What to do >> When copying the data below, keep only the lines from the one with "hold nach Bulgarien." through the one with "An unusual feature", word for word, and skip the pictures.

Entries supplied >>
....

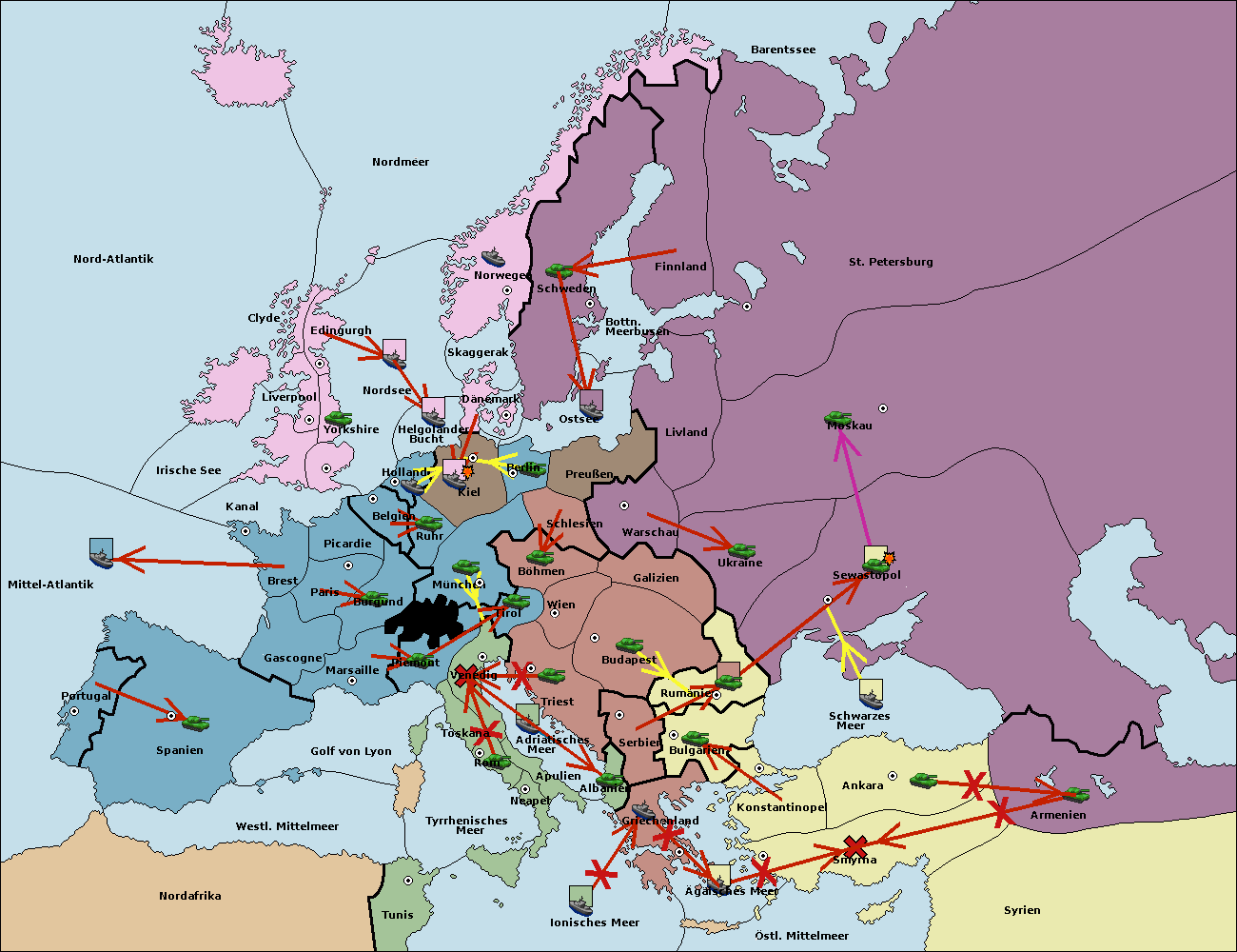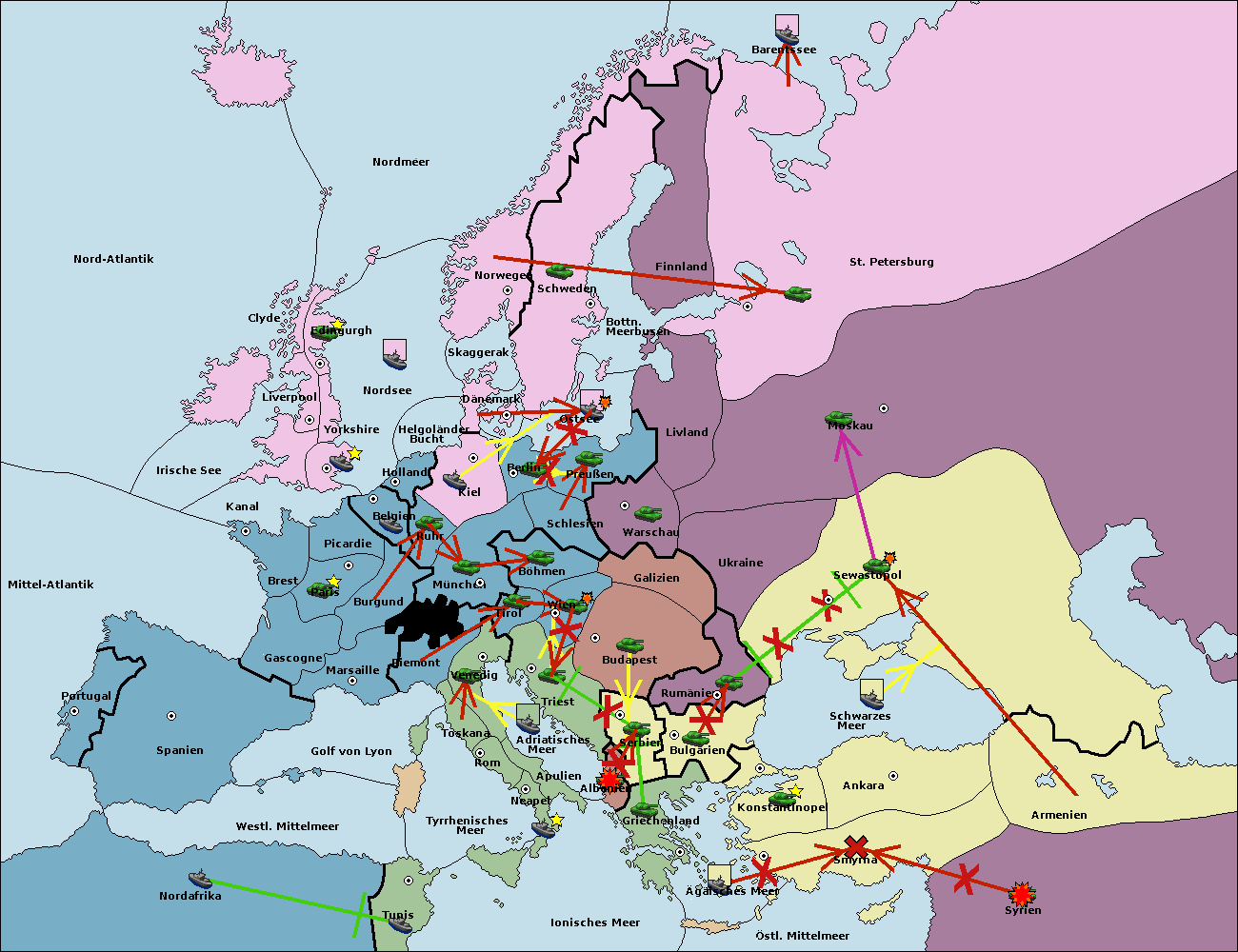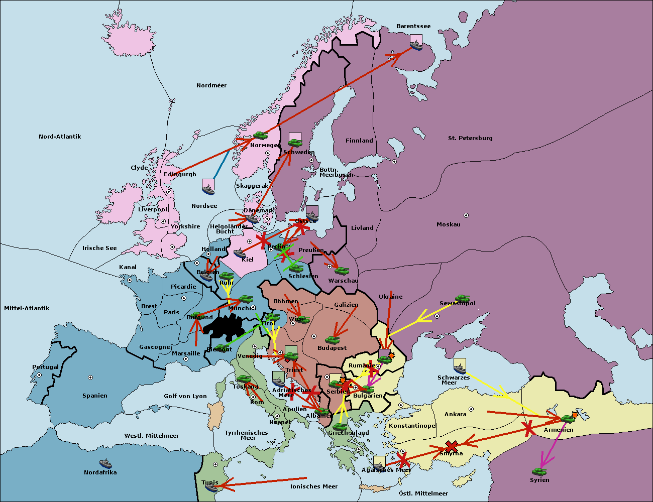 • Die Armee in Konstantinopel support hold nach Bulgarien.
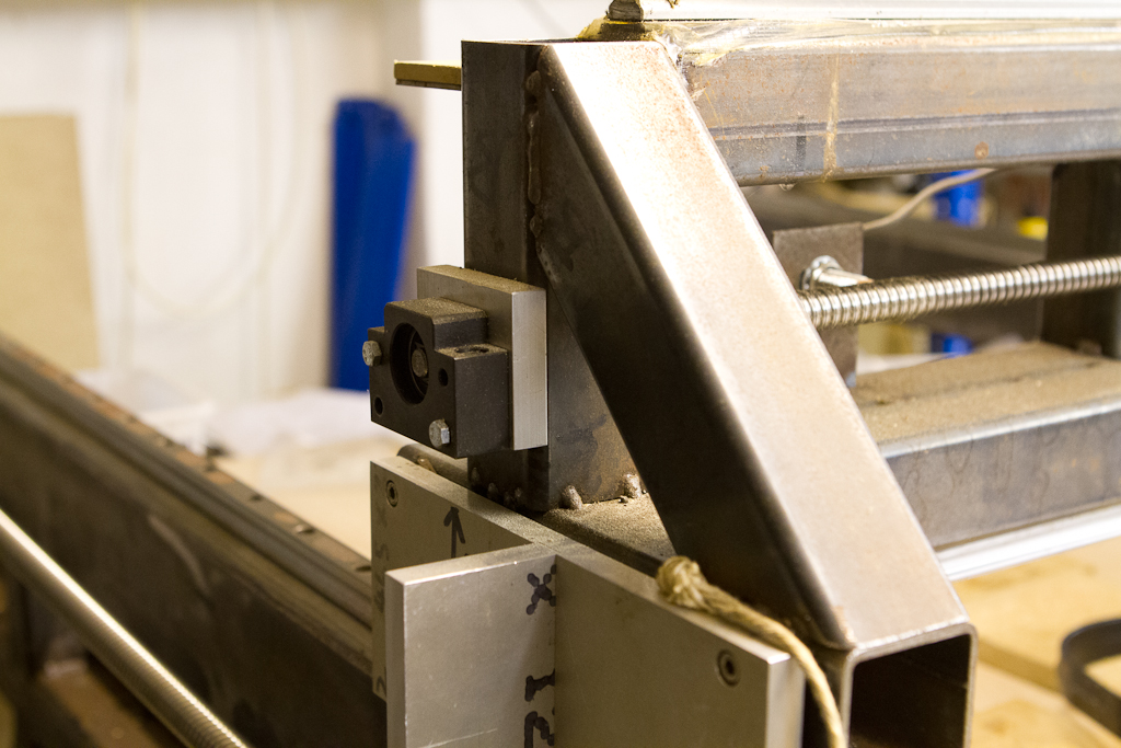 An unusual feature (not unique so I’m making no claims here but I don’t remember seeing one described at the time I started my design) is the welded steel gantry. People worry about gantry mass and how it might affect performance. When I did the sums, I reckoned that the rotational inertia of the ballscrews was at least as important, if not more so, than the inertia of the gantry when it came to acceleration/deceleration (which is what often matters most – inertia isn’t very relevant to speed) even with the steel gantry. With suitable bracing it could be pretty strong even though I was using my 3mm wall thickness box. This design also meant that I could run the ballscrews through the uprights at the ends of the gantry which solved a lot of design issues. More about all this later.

....

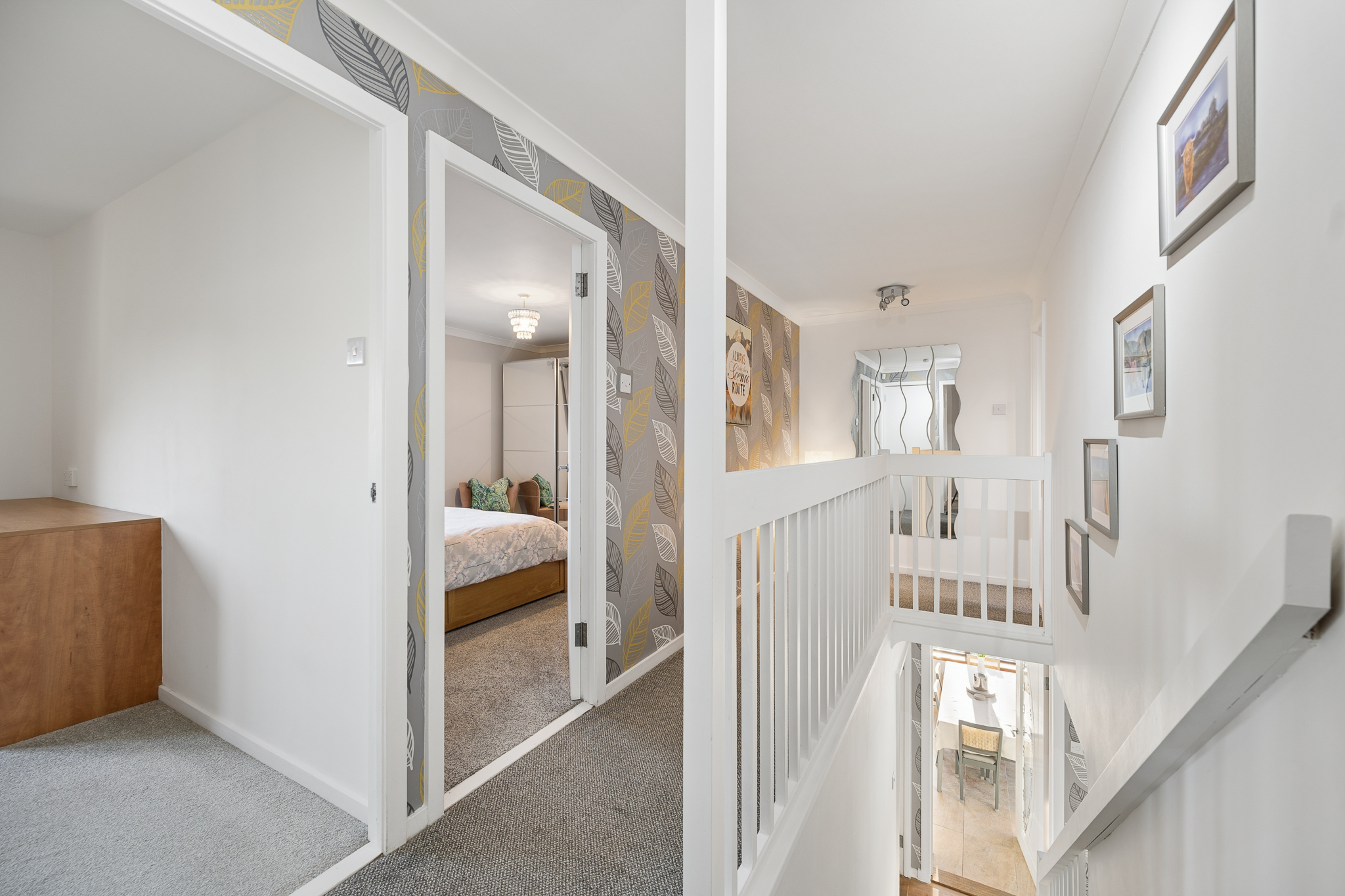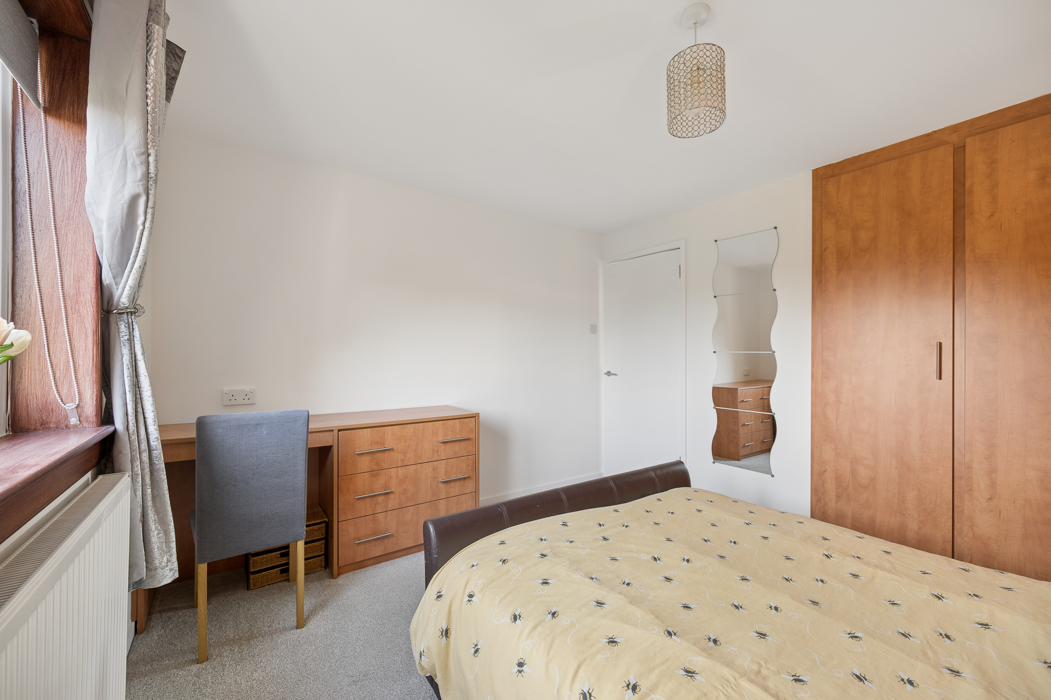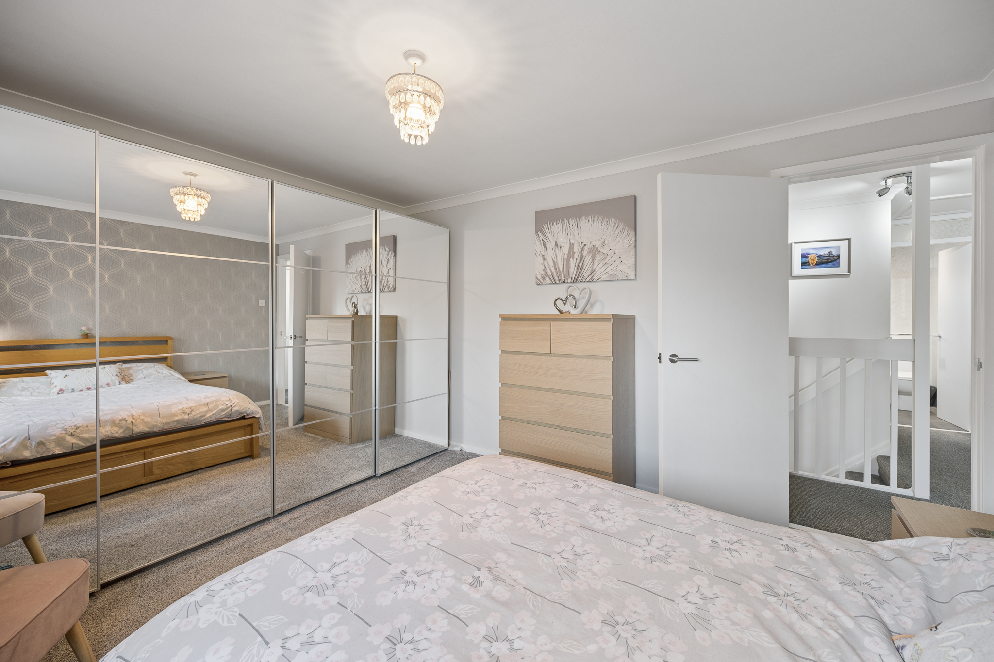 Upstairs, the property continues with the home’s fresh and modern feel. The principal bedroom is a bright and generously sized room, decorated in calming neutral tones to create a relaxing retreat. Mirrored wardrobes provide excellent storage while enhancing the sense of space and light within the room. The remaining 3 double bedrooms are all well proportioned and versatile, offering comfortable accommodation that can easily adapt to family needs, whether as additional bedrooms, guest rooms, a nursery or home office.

....

Task result >>
 • Die Armee in Konstantinopel support hold nach Bulgarien.
 An unusual feature (not unique so I’m making no claims here but I don’t remember seeing one described at the time I started my design) is the welded steel gantry. People worry about gantry mass and how it might affect performance. When I did the sums, I reckoned that the rotational inertia of the ballscrews was at least as important, if not more so, than the inertia of the gantry when it came to acceleration/deceleration (which is what often matters most – inertia isn’t very relevant to speed) even with the steel gantry. With suitable bracing it could be pretty strong even though I was using my 3mm wall thickness box. This design also meant that I could run the ballscrews through the uprights at the ends of the gantry which solved a lot of design issues. More about all this later.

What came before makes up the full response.